Ne is the number of models per ensemble, Nd the number of data, σ2 the variance and \(\bar{m}^{\text{f}}\) the mean of certain attribute. It is important to point out that the matrix shown in Eq. 5 is diagonal because of the difficulty to measure the correlation between observed data error. More information about the method can be found in Emerick and Reynolds (2013).

To avoid spurious correlations and an ensemble collapse, localization technique is used in the analysis equation (Eq. 1), which introduces a correlation matrix ρ via an element-by-element multiplication, also known as Schur product (\(\circ\)) (Eq. 6). A common type of localization is the distance dependent. Watanabe and Datta-Gupta (2011) defined it as a function of the distance between the well (observation data point) and any point of the grid that influences the data from this specific well. Therefore, in this type of localization, the regions of influence of all data for each well must be defined, and the updates of petrophysical properties (permeability, porosity) are performed only in these defined regions based on the specified data (oil rate, water rate).
$$m_{j}^{a} = m_{j}^{\text{f}} + \rho \circ K \left( {d_{{{\text{obs}},j}} - d_{{{\text{sim}},j}} } \right)$$
There are many alternatives to calculate ρ when using the distance-dependent approach. One much-used formulation is defined by Gaspari and Cohn (1999), where ρ can assume values from 0 to 1 depending on the distance from the well location:
$$\rho \left( {h,L} \right) = \left\{ {\begin{array}{*{20}l} { - \frac{1}{4} \left( {\frac{h}{L}} \right)^{5} + \frac{1}{2} \left( {\frac{h}{L}} \right)^{4} + \frac{5}{8} \left( {\frac{h}{L}} \right)^{3} - \frac{5}{3} \left( {\frac{h}{L}} \right)^{2} + 1,} \hfill & {0 \le h \le L} \hfill \\ {\frac{1}{12}\left( {\frac{h}{L}} \right)^{5} - \frac{1}{2} \left( {\frac{h}{L}} \right)^{4} + \frac{5}{8} \left( {\frac{h}{L}} \right)^{3} + \frac{5}{3} \left( {\frac{h}{L}} \right)^{2} - 5 \left( {\frac{h}{L}} \right) + 4 - \frac{2}{3} \left( {\frac{h}{L}} \right)^{ - 1} ,} \hfill & {L < h \le 2L} \hfill \\ {0,} \hfill & {h > 2L} \hfill \\ \end{array} } \right.$$
here h is the Euclidean distance between any grid cell and well location and L is the critical length, which delineates the region of influence of each type of data from the wells. Thus, grid blocks close to the wells will present a high value of ρ and, consequently, during the assimilation process, will be highly influenced by the data from that well. However, this type of localization is not used to update uncertain scalar parameters as they are used to represent the whole (or part) of the reservoir model.

The ρ matrix comprises the elements ρab, where ‘a’ is the number of rows and ‘b,’ the number of columns. The rows represent the uncertainties in each grid block and the column represents historical data at specific historical times. Therefore, depending on the location of the grid block in relation to a specific well, ρab will be equal to the value calculated by Eq. 7, depending on h and L.

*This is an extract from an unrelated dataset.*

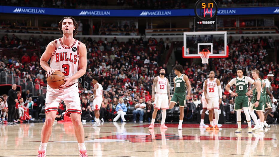 CHICAGO, IL – MARCH 1: Josh Giddey #3 of the Chicago Bulls shoots a free throw during the game against the Milwaukee Bucks on March 1, 2026 at United Center in Chicago, Illinois. NOTE TO USER: User expressly acknowledges and agrees that, by downloadi
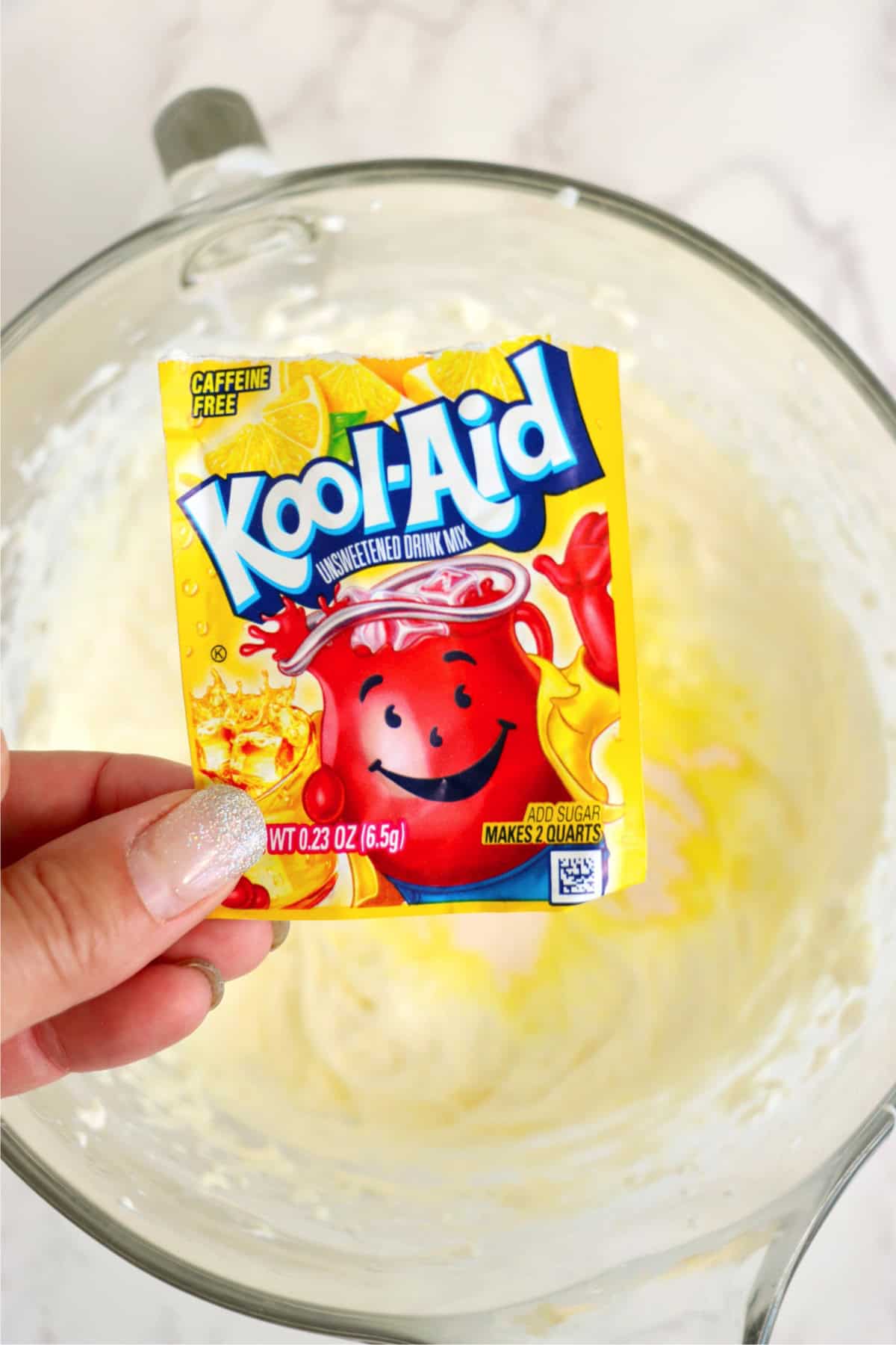 - Add lemonade kool aid packet and beat again.

Chen and Oliver (2014) used an iterative ensemble smoother method, similar to ES-MDA, in the Norne field (real case). They highlighted the improvement in the history-matching process over a manual process. Nevertheless, because of the high complexity of the case, they believe that the localization approach they used could be improved.

Morosov and Schiozer (2016) carried out a closed-loop reservoir management and development process using the UNISIM-I-D benchmark case (Avansi and Schiozer 2015) and, during history-matching phases, they used ES-MDA without a localization technique. They reported a strong reduction in the variability of the uncertainties, resulting in the exclusion of several models that could have a good representation of the reservoir. In fact, they observed that simulated responses did not capture the reference model, which represented the real reservoir.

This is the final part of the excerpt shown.